I recently watched the 2003 movie “Stage Beauty” for the third time. It is about theater in mid-to-late seventeenth century England when women were not allowed to act on stage. Female parts were played by young male performers called “boy actors.” One of the most famous of these men was Edward (Ned) Kynaston who played many of Shakespeare’s female characters, most especially Desdemona from “Othello.” His dresser was a young woman named Margaret (Peg) Hughes. In the movie he is played by Billy Crudup and she is played by Clare Danes. Peg had a huge crush on Ned, sometimes watching his acting from the curtain while mouthing what he was saying to the spellbound audience. Other nights, she ran as fast as she could as soon as Kynaston was on stage, going to a scruffy playhouse where aspiring actors staged Shakespeare and where she played Desdemona. Then she dashed back to the big theater in time to help Kynaston take off his gown and put on his men’s clothes before going out to find his lover who was also a boy actor.
The movie is about what happens when King Charles II, egged on by his mistress, Nell Gwynn, issued a giant proclamation saying women could play female parts and abolishing boy acting as a career choice. Needless to say, Kynaston is devastated since he does not know how to perform maleness. Eventually, Margaret Hughes finds him acting in a seedy vaudevillian playhouse where he had to raise his skirt to show the gawking audience that he really was a man in drag. She takes him away and helps nurse him back to health.

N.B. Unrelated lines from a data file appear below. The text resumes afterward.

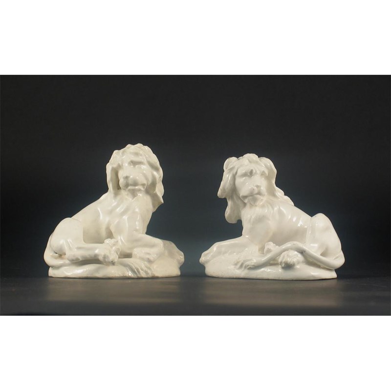 A rare pair of Derby dry edged white-glazed models of lions, lying on pad bases with their heads turned to the sides, no marks. Each with some firing faults, one with a chip to his mane. c.1750-54, 10.5cm. (2) Cf. P Bradshaw, Derby Porcelain Figures, p.34 for a similar pair in the Ashton Collection and Albert Amor Ltd. The John Hewett Collection. 1997. no.23.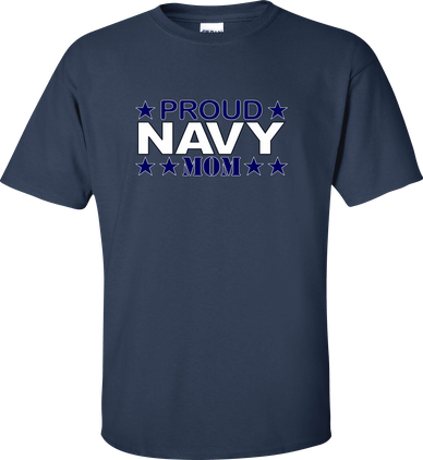 Due to disruptions in supply chains, this design will be embroidered on a Champion, Gildan, Jerzees or comparable brand.MilitaryBest is proud to offer this fine Proud Navy Mom Shirt. Each shirt is proudly printed in the USA.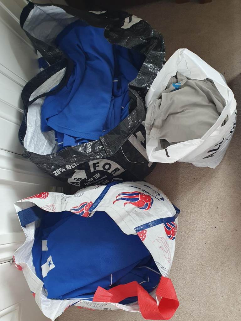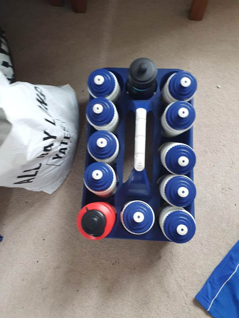 Contains 10 Blue shirts, 1 gold keeper top, 12 shorts, 10 blue socks, 2 padded goalkeeper shorts, 1 shin pads, 12 water bottles and holder. 11 Cardiff half training tops.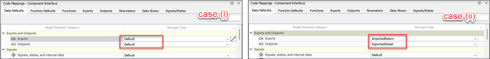 2. In case (i), all model elements use the default storage class. For applications that require data import or export from the model, set the Inports and Outports options to the ImportedExtern and ExportedGlobal storage class, respectively.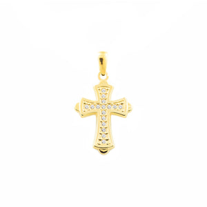 9K Yellow Gold Cross Rectangular Shiny Zirconia 20 x 13 mm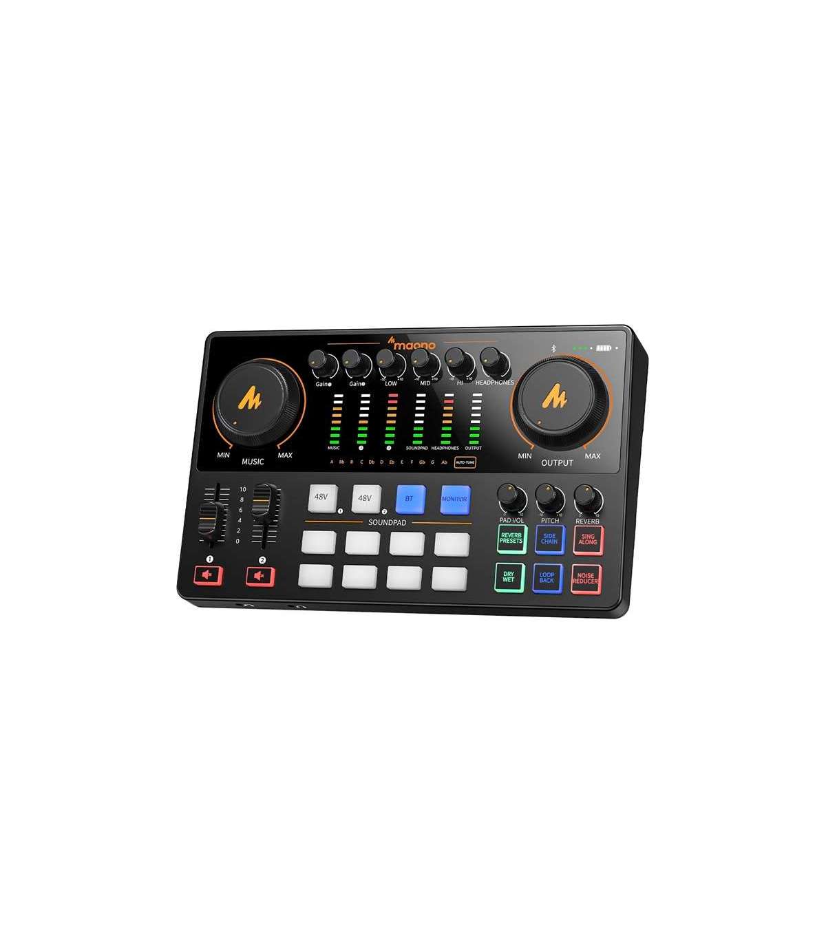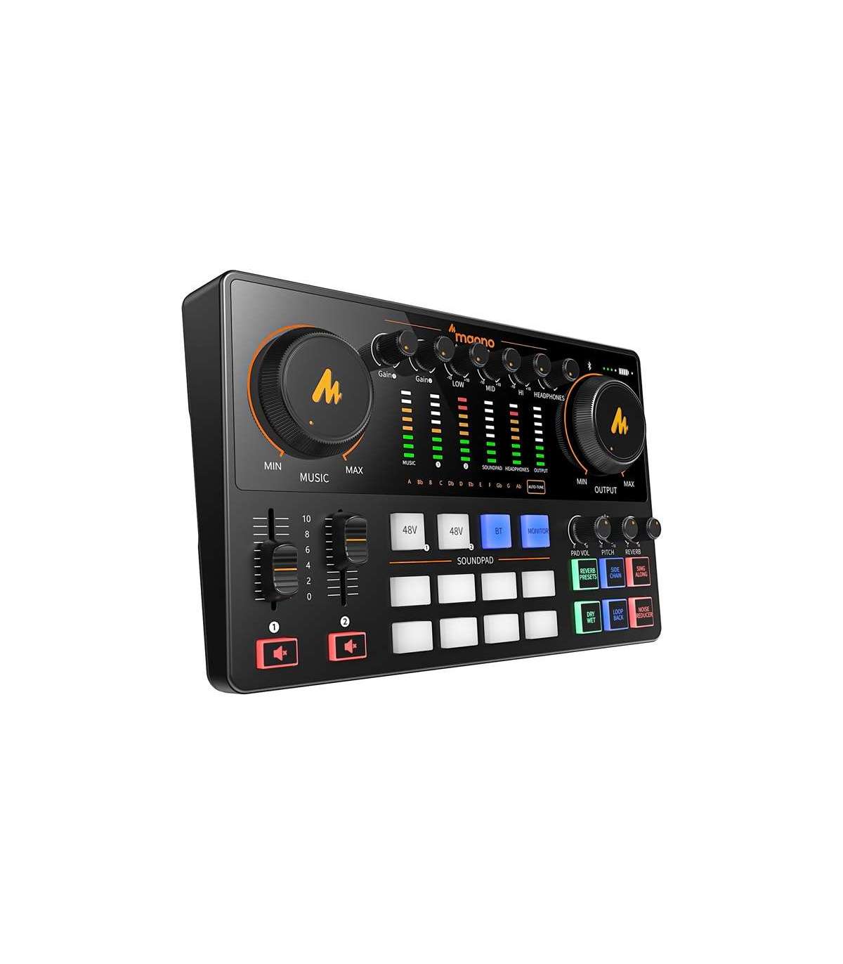 The Maono E2 GEN2 works with Windows, macOS, Android and iOS (adapter required for Apple devices under iPhone 15). It easily connects to platforms such as YouTube, Twitch, Zoom, TikTok and Spotify. The rear panel features USB-C, AUX IN, MONITOR SPK ports, streaming outputs, and microphone and instrument (Hi-Z) inputs, making it a true home studio center.

In a pivotal scene, she tells him she will just lie down beside him while he sleeps. Once they are under the same blanket, she asks him “What do men do?” when they are lovers. Kynaston, played to perfection but Crudup, tells her a little before she begins touching him and asking first “who are you now” and eventually also acting “who a I now” as she assumes various postures in relationship to his body. I find this scene amazing for its radical bravery in staging it and in what it asks me to feel and think about. They each become both “male” and “female” as their sexual palates are enlarged by how they touch and interact physically, and how they talk about which gender they occupy at any given moment in their embrace. As I watched this scene, I thought what a template this movie is for our current understanding of nom-binary and trans approaches to gender and sexuality. But mostly I just reveled in the tenderness between the two actors and the bravery of the director, Richard Eyre.
As the movie comes to its as they rehearse the scene in which Othello suffocates Desdemona, shouts at Kynaston that no woman would die as passively as he has portrayed that moment in his performances. Sensing that she is right, Kynaston says he will play Othello with her and I watch spellbound as they wrestle and scream/grunt before Othello throws Desdemona on her bed and viciously attacks her with his pillow. The audience in the film is as frightened as am, so we all breathe a sigh of relief when Hughes reminds us that she is not dead and we have one more scene in which Emilia laments the loss off her Lady and excoriates her vile husband for ruining two splendid people.
If I ever teach this play again, I will assign “Stage Beauty” because Eyre’s production and Crudup’s and Danes’ performances have altered my understanding of what Shakespeare was trying to tell and show us about a third way of understanding gender and sexual performance.